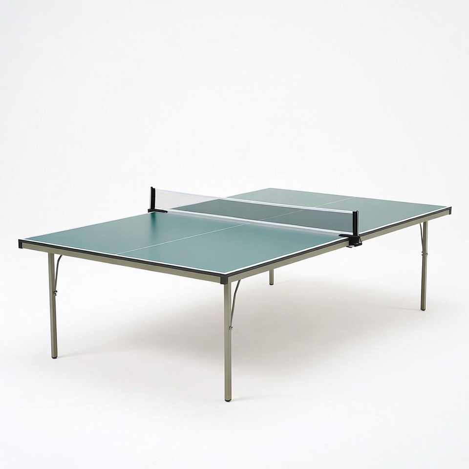 Table for playing ping pong is set up indoors. The green surface is ready for a match with a net dividing the playing area.
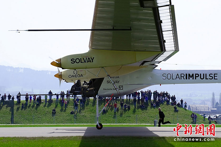 當(dāng)?shù)貢r間4月7日上午,全球首架依靠太陽能驅(qū)動的飛機(jī)進(jìn)行首次試飛,預(yù)計此種新型飛機(jī)將在2011年實(shí)現(xiàn)環(huán)球航行。圖片來源:中國新聞網(wǎng)
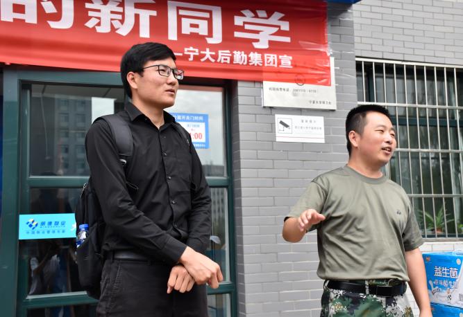 党委副书记程胜利、学生工作办公室主任黄旭兴、专职辅导员艾萨以及17级辅导员张景在男生公寓门前对其进行慰问。
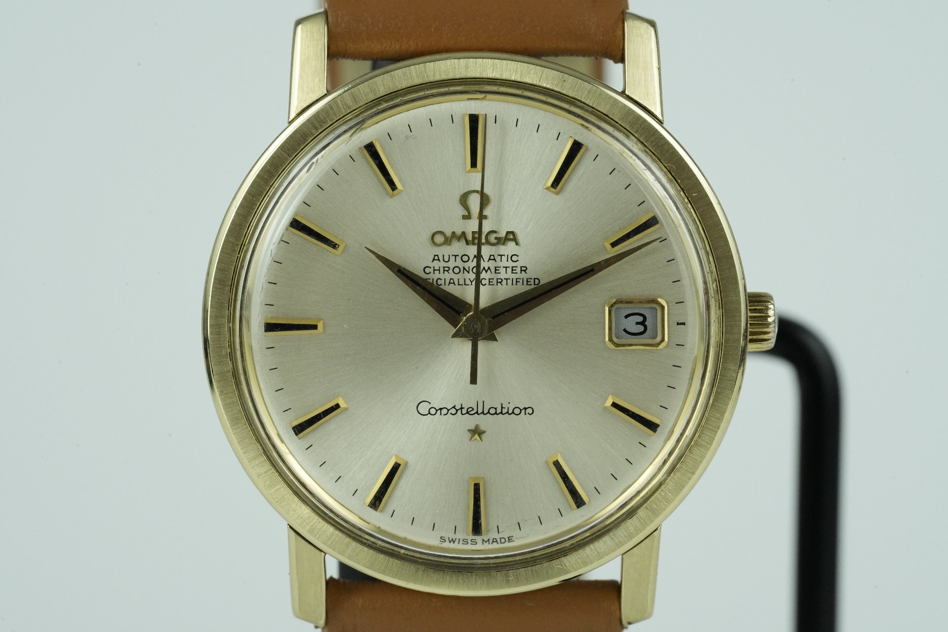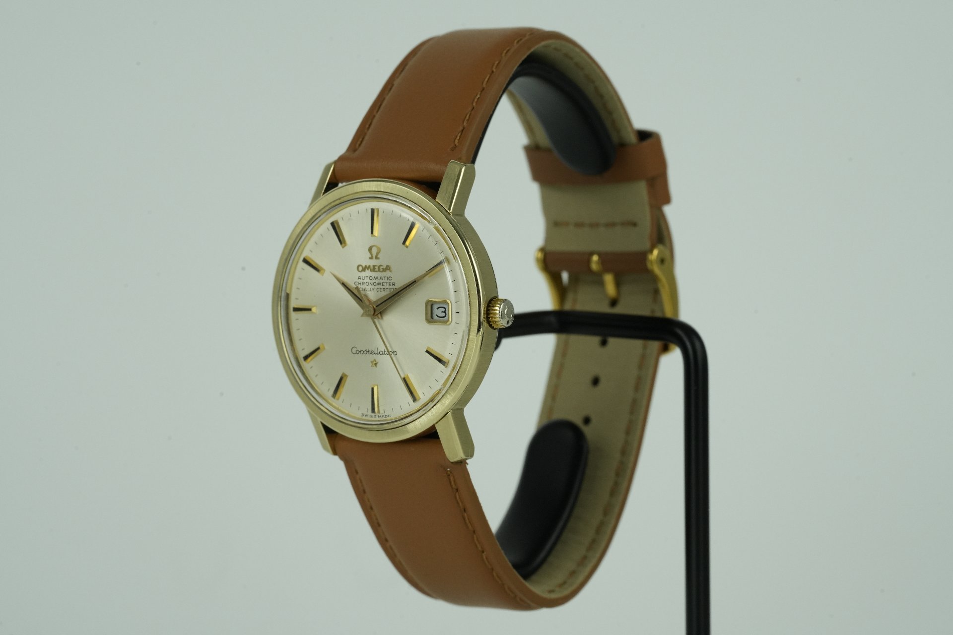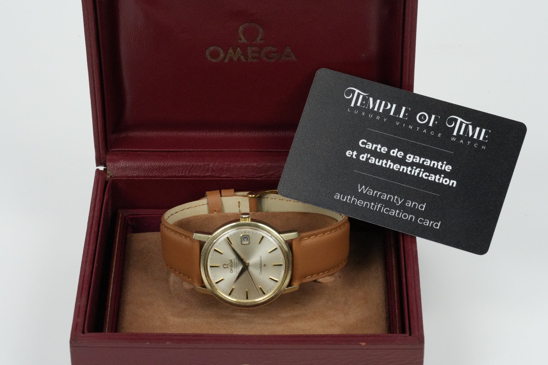 Découvrez l’élégance intemporelle de cette Omega Constellation Chronometer, référence 168.018, une pièce emblématique datant de 1969. Ce modèle homme, en excellent état, est présenté avec son coffret d’origine. Son boîtier plaqué or de 35mm de diamètre et 10mm d’épaisseur abrite un mouvement à remontage automatique, gage de précision horlogère. Le cadran est complété par un bracelet en cuir brun non original, assorti d’une boucle ardillon également non originale. Cette montre, référence TOT-01643, bénéficie d’une garantie de 12 mois.
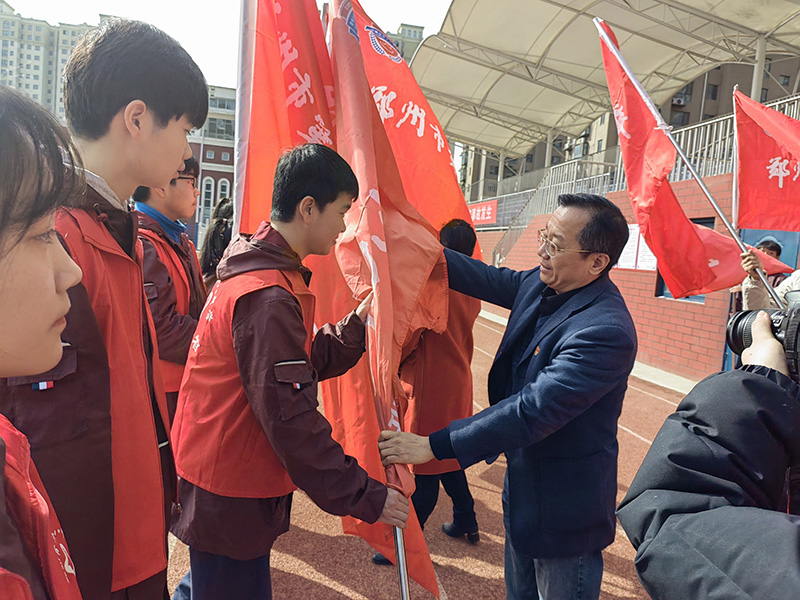 鄭州市第十八中學黨委書記魏勇為志愿服務學生授旗
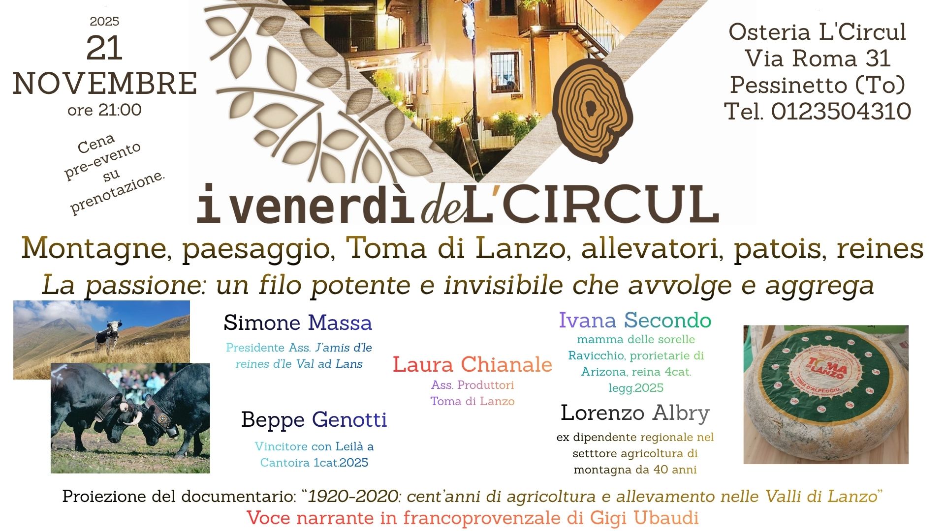 Nel corso della serata verrà proiettato il documentario
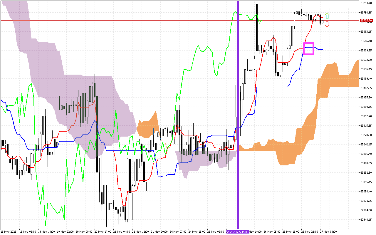 Ας δούμε προσεκτικά τις τρέχουσες τιμές των κύριων στοιχείων του δείκτη Ichimoku για να αξιολογήσουμε την τρέχουσα κατάσταση της αγοράς:
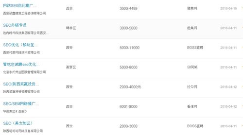 第一,繼續(xù)堅(jiān)持在原創(chuàng)的道路上厚積薄發(fā)。我們先看如上圖示,整張圖是西安這邊的招聘seo信息,通過(guò)以上圖示我們不難發(fā)現(xiàn)seo薪資還是非常給力的,但是作為站長(zhǎng)我們?yōu)槭裁匆獔?jiān)持優(yōu)質(zhì)的內(nèi)容為核心呢?筆者發(fā)現(xiàn)2015年年底到2016年注定是自媒體營(yíng)銷爆發(fā)的關(guān)鍵一年,作為企業(yè)網(wǎng)站我們?nèi)绾卧谌找娓?jìng)爭(zhēng)的多元化營(yíng)銷過(guò)程中厚積薄發(fā),一定要繼續(xù)在優(yōu)質(zhì)的文章內(nèi)容上下功夫,作為2016年自媒體微商爆發(fā)的一年筆者發(fā)現(xiàn),無(wú)論微商營(yíng)銷的心靈雞湯文章還是做自媒體進(jìn)行軟文營(yíng)銷,你的文章質(zhì)量是營(yíng)銷取勝的關(guān)鍵所在,所以說(shuō)我我們?nèi)绻?016年繼續(xù)讓企業(yè)網(wǎng)站發(fā)力,那么,遵守優(yōu)質(zhì)的內(nèi)容營(yíng)銷是實(shí)在必行的,當(dāng)下企業(yè)網(wǎng)站站長(zhǎng)必須明白,如果網(wǎng)站的內(nèi)容還靠偽原創(chuàng)或者復(fù)制來(lái)進(jìn)行seo優(yōu)化勢(shì)必是非常讓人值得惋惜的,2016年搜素引擎會(huì)對(duì)原創(chuàng)內(nèi)容豐富的網(wǎng)站給予很高的權(quán)重,站內(nèi)優(yōu)化尤其是優(yōu)質(zhì)文章勢(shì)必是用戶體驗(yàn)度提升最有力的武器。
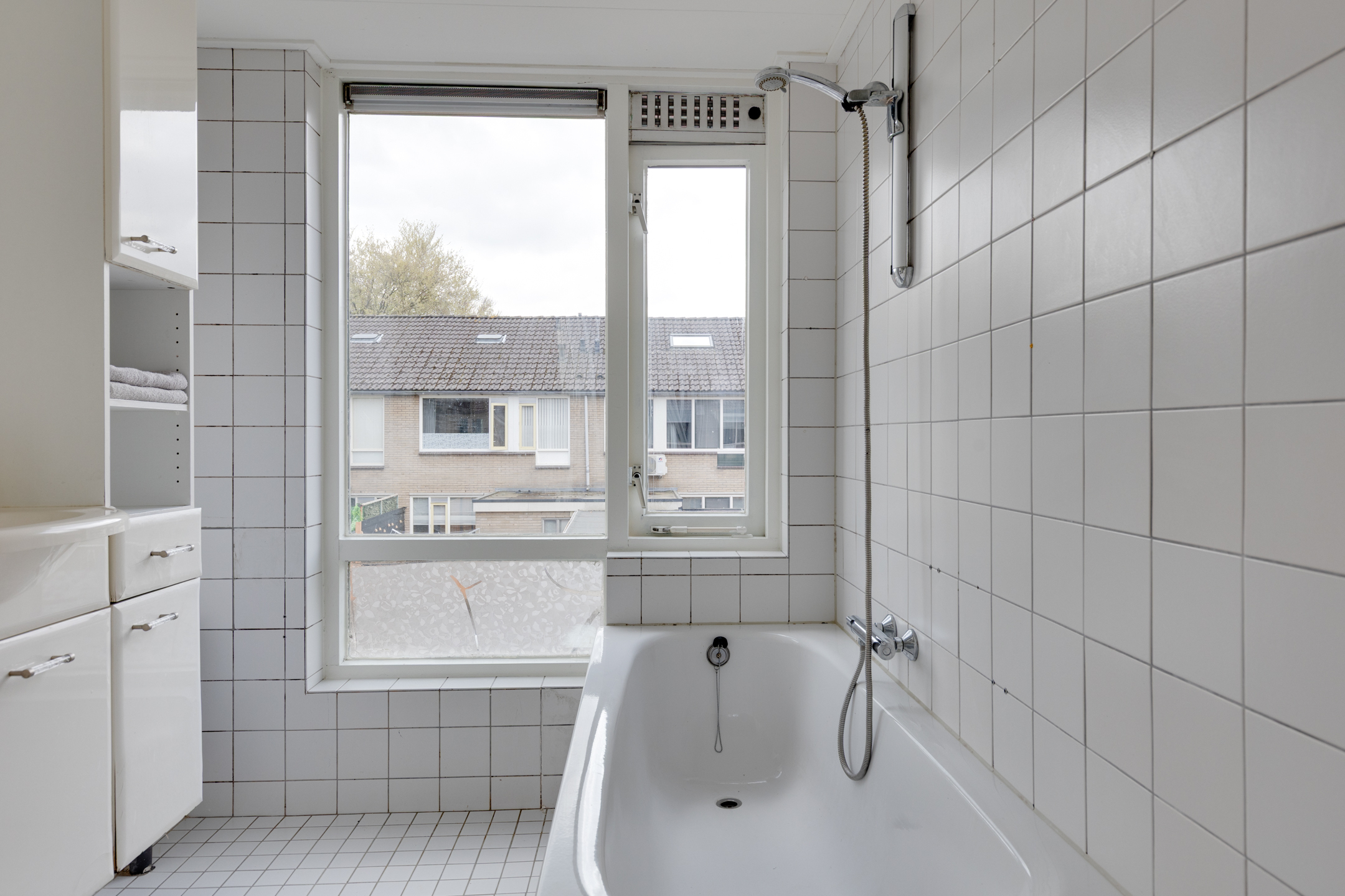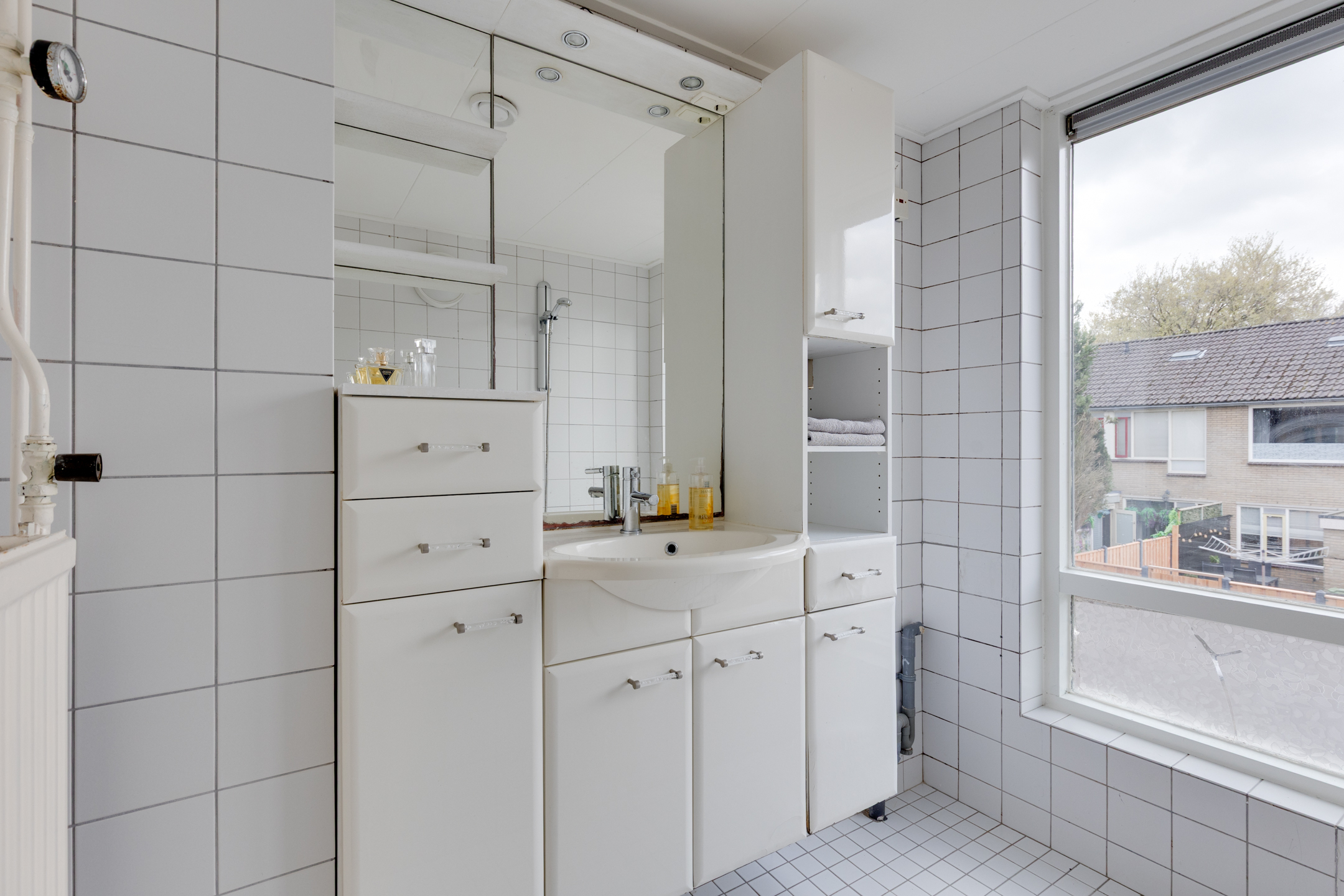 Op de overloop aangekomen vind je een ruime bergkast, drie slaapkamers en de badkamer, die is voorzien van een wastafel, ligbad en wasmachine aansluiting.
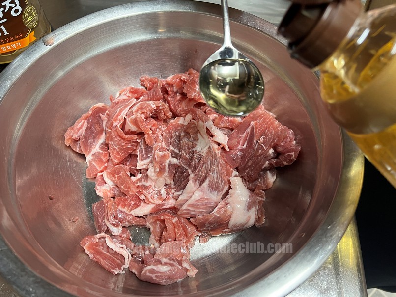 - 돼지고기는 삼겹살로 구매하시면 좋긴 하지만 가격이 많이 비싸니까요. 뒷다리살에 기름이 살짝 있는 고기로 구매하시면 가격도 저렴하고 좋습니다.
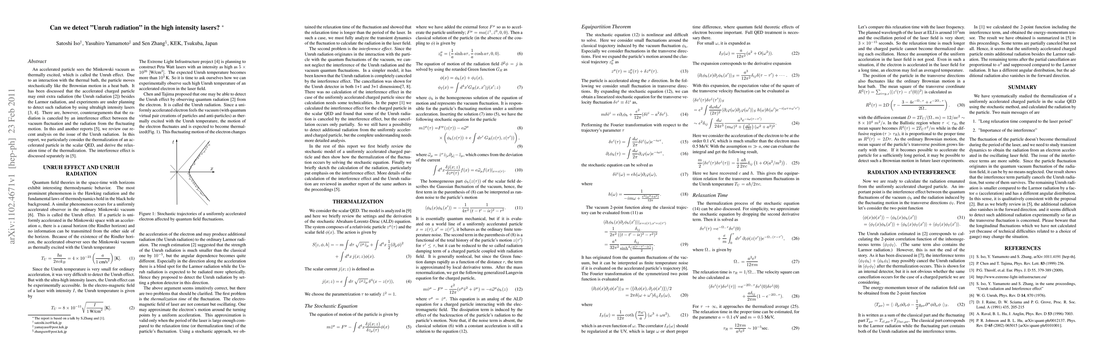 This paper reviews recent analyses on detecting Unruh radiation, which is extra radiation emitted by an accelerated charged particle due to the Unruh effect. The study investigates the thermalization of particles in scalar QED and derives the relaxation time for thermalization, addressing ongoing debates about potential interference effects that could cancel the radiation.
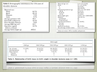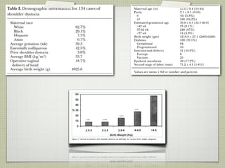 Este documento describe la distocia de hombros, definida como un parto que requiere maniobras de tracción de la cabeza fetal por más de 60 segundos debido a una discrepancia entre la cabeza fetal y la pelvis materna. Explica los factores de riesgo, las técnicas de tratamiento como las maniobras de primer, segundo y tercer nivel, y las posibles complicaciones fetales como lesiones del plexo braquial y fracturas de clavícula, y las complicaciones maternas como hemorragias.
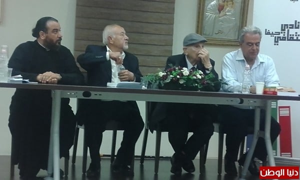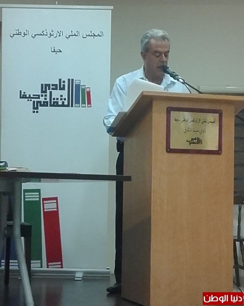 مداخلة الكاتب وليد الفاهوم: أوّلًا وقبل كلّ شيء، جئت لأسمع لا لكي أتكلّم، وكم يتوق الكاتب أن يسمع صدى ما يكتب. ثانيًا، جئتُ لكي أتعلّم، فيبقى الإنسان يتعلّم من المهد إلى اللحد، لكي أتعلّم من النقد الموضوعيّ العلميّ، من نقد الفكر لا نقد الشخص، كما جرت العادة لدى بعض المتمشيخين الجدد، فيتركون الفكرة لأنّهم عاجزون عن مجاراتها أو نقدها أو نقضها، ويتعربشون بشخص الكاتب وشخصيّته؛ طويل قصير، خِرّيج موسكو، عضو حزب، عميل روسيا والولايات المتحدة في الوقت ذاته.. هذا ما حدث لي فعلًا، وهكذا تمّت مهاجمتي قبل حوالي السنة في إحدى صحف الحركة الإسلاميّة عندنا في البلاد، مع أنّني خِرّيج الجامعة العبريّة في القدس، ولست عضوًا في الحزب الشيوعيّ، إنّما صديق إلى أبعد حدود الصداقة. هذه الأمسية عبارة عن حفل إشهار لكتابي، هذا الحفل الذي أعتزّ به، لأنّه هنا في هذا النادي الحيفاويّ الوطنيّ (بالمعنى الفلسطينيّ)، كان من المفروض أن يتواجد المتكلّمون الكرام؛ شيخٌ وكاهنٌ وأميرُ الجماعة الأحمديّة، لكن تغيّب الأوّل والأخير لظروف قاهرة، فنخاطبهم من خلال حضرة الغياب، ويعوّض تلك الخسارة هذا الحضورُ المتميِّزُ بأعلى درجات التميُّز. أشكركم جميعًا من شغاف القلب، وأخصُّ بالذكر "الأخ أبونا" أغابيوس، والمجلس الملّي الأورثوذكسيّ ورئيسه وأعضائه، كما وأخصُّ الزميل المحامي فؤاد نقارة "زمبرك نادي حيفا الثقافي"، والجنديّين المجهوليْن الزميل المحامي حسن عبادي وفضل الله مجدلاني .
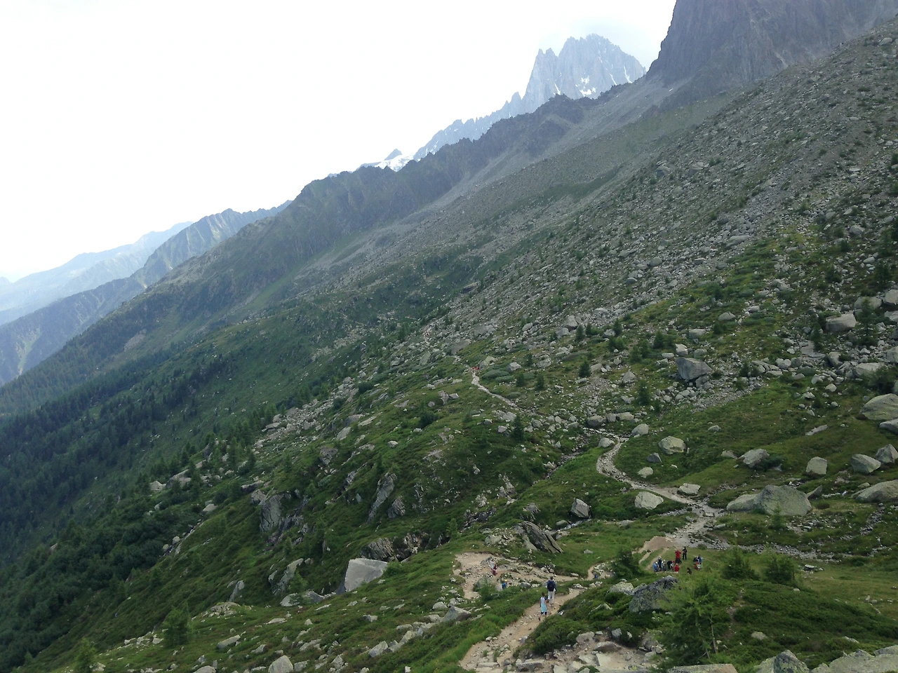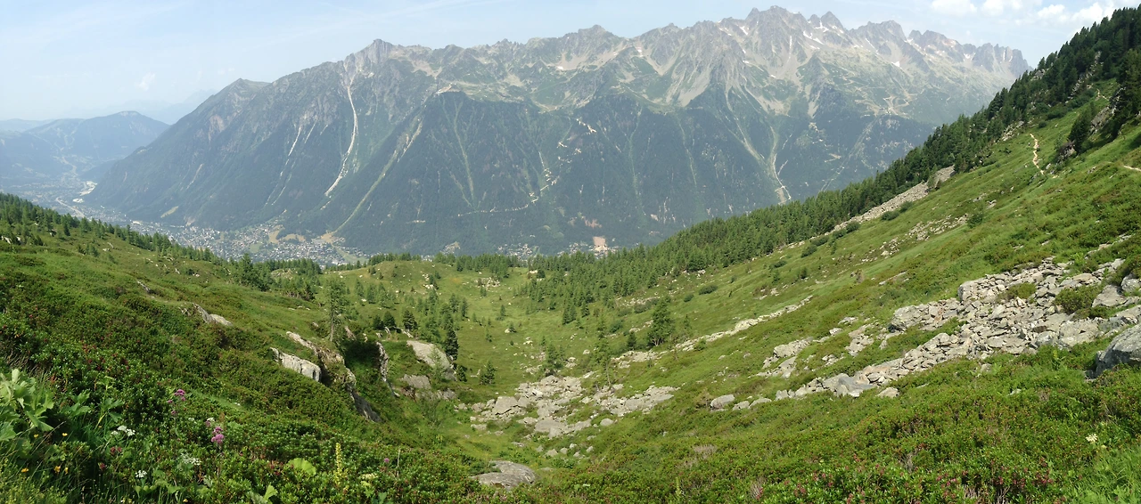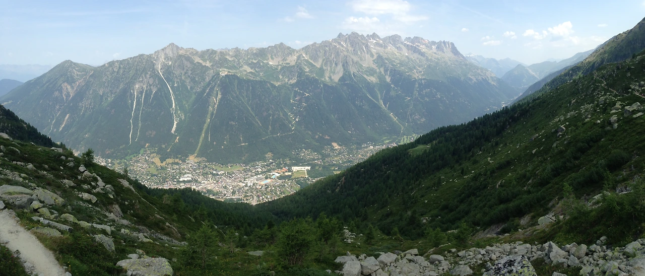 하이킹 코스가 높다 보니 샤모니 시내와 함께 다음날 하이킹 예정인 브레방-플레제르 산군이 한눈에 보였다. 이렇게 보니 몽블랑 산군과 브레방 산군 사이 계곡에 위치해 있는 샤모니 밸리가 제대로 머릿속에 그려졌다.

= ABOUT THIS TASK =
What should come back is an exact copy of the lines above from the line with "Nel corso della" to the line with "This paper reviews", both included, minus the pictures.

= RESULT =
 Nel corso della serata verrà proiettato il documentario
 Ας δούμε προσεκτικά τις τρέχουσες τιμές των κύριων στοιχείων του δείκτη Ichimoku για να αξιολογήσουμε την τρέχουσα κατάσταση της αγοράς:
 第一,繼續(xù)堅(jiān)持在原創(chuàng)的道路上厚積薄發(fā)。我們先看如上圖示,整張圖是西安這邊的招聘seo信息,通過(guò)以上圖示我們不難發(fā)現(xiàn)seo薪資還是非常給力的,但是作為站長(zhǎng)我們?yōu)槭裁匆獔?jiān)持優(yōu)質(zhì)的內(nèi)容為核心呢?筆者發(fā)現(xiàn)2015年年底到2016年注定是自媒體營(yíng)銷爆發(fā)的關(guān)鍵一年,作為企業(yè)網(wǎng)站我們?nèi)绾卧谌找娓?jìng)爭(zhēng)的多元化營(yíng)銷過(guò)程中厚積薄發(fā),一定要繼續(xù)在優(yōu)質(zhì)的文章內(nèi)容上下功夫,作為2016年自媒體微商爆發(fā)的一年筆者發(fā)現(xiàn),無(wú)論微商營(yíng)銷的心靈雞湯文章還是做自媒體進(jìn)行軟文營(yíng)銷,你的文章質(zhì)量是營(yíng)銷取勝的關(guān)鍵所在,所以說(shuō)我我們?nèi)绻?016年繼續(xù)讓企業(yè)網(wǎng)站發(fā)力,那么,遵守優(yōu)質(zhì)的內(nèi)容營(yíng)銷是實(shí)在必行的,當(dāng)下企業(yè)網(wǎng)站站長(zhǎng)必須明白,如果網(wǎng)站的內(nèi)容還靠偽原創(chuàng)或者復(fù)制來(lái)進(jìn)行seo優(yōu)化勢(shì)必是非常讓人值得惋惜的,2016年搜素引擎會(huì)對(duì)原創(chuàng)內(nèi)容豐富的網(wǎng)站給予很高的權(quán)重,站內(nèi)優(yōu)化尤其是優(yōu)質(zhì)文章勢(shì)必是用戶體驗(yàn)度提升最有力的武器。
 Op de overloop aangekomen vind je een ruime bergkast, drie slaapkamers en de badkamer, die is voorzien van een wastafel, ligbad en wasmachine aansluiting.
 - 돼지고기는 삼겹살로 구매하시면 좋긴 하지만 가격이 많이 비싸니까요. 뒷다리살에 기름이 살짝 있는 고기로 구매하시면 가격도 저렴하고 좋습니다.
 This paper reviews recent analyses on detecting Unruh radiation, which is extra radiation emitted by an accelerated charged particle due to the Unruh effect. The study investigates the thermalization of particles in scalar QED and derives the relaxation time for thermalization, addressing ongoing debates about potential interference effects that could cancel the radiation.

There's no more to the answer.